Monday 23 September 2013

WRECK








"Don’t you ever say I just walked away.. I will always want you."


Yes. She can’t stop. She is a wrecking ball. But she is still a human being; a 20-year old superstar; a girl. She is still Miley Cyrus.

People tend to break. People has their limits. I bet you have yours as well. You do break, and I know you’ve been broken before. She has it too. The problem with society right now is when you change, they see the bad side of that change. They just see what they want to see; understand what they want to understand; feel what they want to feel.
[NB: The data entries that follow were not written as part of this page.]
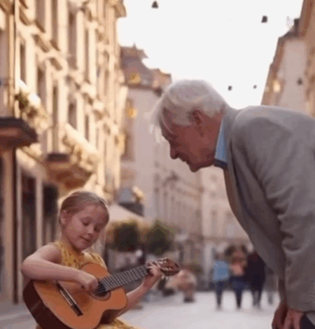 Suddenly, a new sound cut through the street noise, a voice joining the little girl’s tune. It wasn’t the professional, but an elderly man who had been standing quietly in the crowd. He began to sing with a passion that instantly captivated everyone.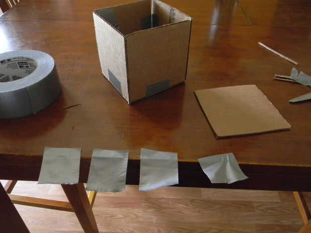 Coloque la última pieza de cartón sobre la caja. Luego cortar cuatro trozos de cinta gris alrededor de 2 pulgadas de largo y colocarlas verticalmente sobre cada lado de la pieza superior. Ahora termine de construir el cubo maravilloso.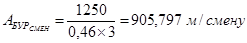 Находим производительность рудника по бурению шпуров за смену, м/смену:

And they can’t see, understand, and feel what you’ve been through to change that way. Because they just see the surface, not the insides.


Whats happening to her is alarming. She’s too young to have that kind of image. But then, most people care about what she wears on awards’ shows or what she does in her music videos than what she’s going through.


I’m a fan. Of hers and of her ex. Of them together. That’s why when I heard about the called-off engagement, I was devastated. They look so good together and you can see that they’re in love with each other. I don’t know the reason why they part ways but it’s still saddening. 4 years is a long time and I thought they’re gonna have beautiful babies and grow old together. But then, people and things do change. So does he. So does she.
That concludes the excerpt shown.